Kenny: Yeah, that’s kind of where “Struck By Lightning” came from on the record. With that song, I read a few of the stories, and “Struck By lightning” didn’t come directly from those. Now that I am doing that project, and it’s slower than I thought it would be, but it’s coming along. I read some of those stories and thought “we are going to write a song about many people that kind of have similar horrible lives at a given moment. With it basically being there fault (laughs).” So that’s where that song kind of came from. “Struck By Lightning” is the prototype for what those songs may be like, “hey this person did this, and this happened to them.” I’m trying to not use the names, because people wrote me some very honest stories. The thing I’m working now is something that I thought would be cool, to solicit stories from people. I got a bunch of good ones. Now I am being careful to only do one at a time so that they don’t start overlapping. I start one, I go all the way through it, and then I send it to the person and say “I don’t know, what do you think?” So far only about half of them have written back. I am used to writing songs about myself, so that isn’t really embarrassing to me, but maybe once you hear something that happened in your life re-told in someone else’s words, it becomes a little bit embarrassing.

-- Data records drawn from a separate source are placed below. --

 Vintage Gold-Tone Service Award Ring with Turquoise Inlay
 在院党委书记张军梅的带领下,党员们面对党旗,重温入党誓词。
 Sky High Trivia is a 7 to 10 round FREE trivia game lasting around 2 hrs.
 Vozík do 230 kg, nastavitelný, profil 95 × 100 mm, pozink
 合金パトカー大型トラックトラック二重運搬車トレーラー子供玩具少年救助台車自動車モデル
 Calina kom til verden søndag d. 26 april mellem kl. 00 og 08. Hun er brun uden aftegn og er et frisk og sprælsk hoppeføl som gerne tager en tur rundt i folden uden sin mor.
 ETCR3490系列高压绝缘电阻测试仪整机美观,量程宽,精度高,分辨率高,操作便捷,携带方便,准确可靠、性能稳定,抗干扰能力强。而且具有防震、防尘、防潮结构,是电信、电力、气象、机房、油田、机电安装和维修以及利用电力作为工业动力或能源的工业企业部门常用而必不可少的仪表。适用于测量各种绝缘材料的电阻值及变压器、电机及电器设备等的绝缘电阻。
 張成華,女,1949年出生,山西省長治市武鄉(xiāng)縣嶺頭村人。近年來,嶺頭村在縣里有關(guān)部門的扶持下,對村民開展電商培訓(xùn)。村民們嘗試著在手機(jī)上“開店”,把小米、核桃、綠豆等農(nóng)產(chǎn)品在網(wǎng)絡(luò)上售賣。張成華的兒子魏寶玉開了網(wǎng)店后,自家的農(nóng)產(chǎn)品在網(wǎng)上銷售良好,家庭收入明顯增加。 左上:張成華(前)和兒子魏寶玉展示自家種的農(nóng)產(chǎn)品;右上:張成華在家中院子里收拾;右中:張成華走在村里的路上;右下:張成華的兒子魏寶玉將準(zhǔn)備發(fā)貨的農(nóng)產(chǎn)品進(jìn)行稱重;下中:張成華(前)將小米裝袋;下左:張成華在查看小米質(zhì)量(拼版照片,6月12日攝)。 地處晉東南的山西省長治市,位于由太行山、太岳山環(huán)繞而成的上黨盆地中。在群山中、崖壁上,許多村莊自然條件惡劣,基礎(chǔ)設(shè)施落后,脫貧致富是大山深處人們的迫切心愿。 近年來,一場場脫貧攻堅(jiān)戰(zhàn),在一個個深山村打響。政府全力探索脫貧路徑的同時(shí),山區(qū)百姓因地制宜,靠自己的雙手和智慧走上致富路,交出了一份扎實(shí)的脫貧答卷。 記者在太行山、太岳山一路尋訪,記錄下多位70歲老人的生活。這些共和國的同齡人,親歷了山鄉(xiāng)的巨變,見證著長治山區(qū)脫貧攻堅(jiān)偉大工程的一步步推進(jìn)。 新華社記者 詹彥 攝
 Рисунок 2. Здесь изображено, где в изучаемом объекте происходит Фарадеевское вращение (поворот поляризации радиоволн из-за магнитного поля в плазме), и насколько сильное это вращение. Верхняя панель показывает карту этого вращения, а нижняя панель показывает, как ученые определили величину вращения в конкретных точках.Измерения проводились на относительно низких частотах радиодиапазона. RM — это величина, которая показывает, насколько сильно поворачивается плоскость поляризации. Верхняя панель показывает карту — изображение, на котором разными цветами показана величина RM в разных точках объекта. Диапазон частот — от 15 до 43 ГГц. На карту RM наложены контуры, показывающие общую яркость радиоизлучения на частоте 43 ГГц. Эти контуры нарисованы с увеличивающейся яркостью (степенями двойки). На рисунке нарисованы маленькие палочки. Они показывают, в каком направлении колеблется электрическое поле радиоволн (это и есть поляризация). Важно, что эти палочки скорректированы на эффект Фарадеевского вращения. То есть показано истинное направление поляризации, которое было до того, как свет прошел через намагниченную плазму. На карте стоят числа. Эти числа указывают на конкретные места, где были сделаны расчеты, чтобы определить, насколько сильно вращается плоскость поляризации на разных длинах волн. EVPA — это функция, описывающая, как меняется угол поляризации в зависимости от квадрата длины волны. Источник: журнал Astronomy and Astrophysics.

I have and a few people write back and say “I love the song, but I don’t want to be on a compilation. I don’t want this aired. It is very obvious to me that I am the person in the story and I am telling you this story that I haven’t even told the other person. This just needs to stay between me and you.” It’s turned out to be a bit more involved than I thought it would be. I thought I would just write songs for people and they would be like “hey! It’s great! Yeah put it on a record!” Half have written back, and of those people half have declined. It has been a cool project so far?
How did you get the idea?
Kenny: I don’t know where the idea came from. I don’t know where ideas come from. I was probably talking to Leslie about it and decided that it would be a cool way to start some songs. She helped me write up a little invitation for people to solicit songs and we just put it up one day without notice. Then we decided to shut it down because we didn’t want to get eighty of these things. We would be writing for years. We shut it down, once we got three or four dozen. I think it will be cool if I can get a couple more people to agree. My fanatasy was, while we are doing all of this touring for “Two Matchsticks,” to find these people and sit down with them and put them in my little tour documentaries that I have been making. I would ask them things like “what do you think? Did I get it?” We could then play some of the song, or maybe they would read their story to me, even though some are pages long. Maybe I have made the songs to personal? Maybe I should stop sending them back to the people(laughs)? No, I will do what I said I was going to do. Hopefully by the end of the year I will have enough to start putting them on our site.
Last one. Perfect day, driving in your car with the windows down, what are you listening to?
Kenny: Right now I am on a Ronnie Milsap kick.